An interesting application of (Figure) through (Figure) is called free fall, which describes the motion of an object falling in a gravitational field, such as near the surface of Earth or other celestial objects of planetary size. Let’s assume the body is falling in a straight line perpendicular to the surface, so its motion is one-dimensional. For example, we can estimate the depth of a vertical mine shaft by dropping a rock into it and listening for the rock to hit the bottom. But “falling,” in the context of free fall, does not necessarily imply the body is moving from a greater height to a lesser height. If a ball is thrown upward, the equations of free fall apply equally to its ascent as well as its descent.

### Gravity

The most remarkable and unexpected fact about falling objects is that if air resistance and friction are negligible, then in a given location all objects fall toward the center of Earth with the same constant acceleration, independent of their mass. This experimentally determined fact is unexpected because we are so accustomed to the effects of air resistance and friction that we expect light objects to fall slower than heavy ones. Until Galileo Galilei (1564–1642) proved otherwise, people believed that a heavier object has a greater acceleration in a free fall. We now know this is not the case. In the absence of air resistance, heavy objects arrive at the ground at the same time as lighter objects when dropped from the same height (Figure).

A hammer and a feather fall with the same constant acceleration if air resistance is negligible. This is a general characteristic of gravity not unique to Earth, as astronaut David R. Scott demonstrated in 1971 on the Moon, where the acceleration from gravity is only 1.67 m/s2 and there is no atmosphere. In the real world, air resistance can cause a lighter object to fall slower than a heavier object of the same size.
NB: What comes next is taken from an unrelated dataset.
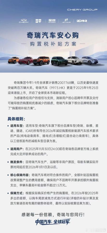 该方案适用于奇瑞旗下多个品牌,包括奇瑞、纵横、星途、捷途、iCAR等品牌中符合2026年减征购置税技术要求的新能源车型。用户在2025年11月30日前完成大定并锁单即可参与。

A tennis ball reaches the ground after a baseball dropped at the same time. (It might be difficult to observe the difference if the height is not large.) Air resistance opposes the motion of an object through the air, and friction between objects—such as between clothes and a laundry chute or between a stone and a pool into which it is dropped—also opposes motion between them.

For the ideal situations of these first few chapters, an object falling without air resistance or friction is defined to be in free fall. The force of gravity causes objects to fall toward the center of Earth. The acceleration of free-falling objects is therefore called acceleration due to gravity. Acceleration due to gravity is constant, which means we can apply the kinematic equations to any falling object where air resistance and friction are negligible. This opens to us a broad class of interesting situations.

Acceleration due to gravity is so important that its magnitude is given its own symbol, g. It is constant at any given location on Earth and has the average value

$g=9.81\phantom{\rule{0.2em}{0ex}}{\text{m/s}}^{2}\phantom{\rule{0.5em}{0ex}}\left(\text{or}\phantom{\rule{0.2em}{0ex}}32.2\phantom{\rule{0.2em}{0ex}}{\text{ft/s}}^{2}\right).$

Although g varies from 9.78 m/s2 to 9.83 m/s2, depending on latitude, altitude, underlying geological formations, and local topography, let’s use an average value of 9.8 m/s2 rounded to two significant figures in this text unless specified otherwise. Neglecting these effects on the value of g as a result of position on Earth’s surface, as well as effects resulting from Earth’s rotation, we take the direction of acceleration due to gravity to be downward (toward the center of Earth). In fact, its direction defines what we call vertical. Note that whether acceleration a in the kinematic equations has the value +g or −g depends on how we define our coordinate system. If we define the upward direction as positive, then $a=\text{−}g=-9.8\phantom{\rule{0.2em}{0ex}}{\text{m/s}}^{2},$ and if we define the downward direction as positive, then $a=g=9.8\phantom{\rule{0.2em}{0ex}}{\text{m/s}}^{2}$.

### One-Dimensional Motion Involving Gravity

The best way to see the basic features of motion involving gravity is to start with the simplest situations and then progress toward more complex ones. So, we start by considering straight up-and-down motion with no air resistance or friction. These assumptions mean the velocity (if there is any) is vertical. If an object is dropped, we know the initial velocity is zero when in free fall. When the object has left contact with whatever held or threw it, the object is in free fall. When the object is thrown, it has the same initial speed in free fall as it did before it was released. When the object comes in contact with the ground or any other object, it is no longer in free fall and its acceleration of g is no longer valid. Under these circumstances, the motion is one-dimensional and has constant acceleration of magnitude g. We represent vertical displacement with the symbol y.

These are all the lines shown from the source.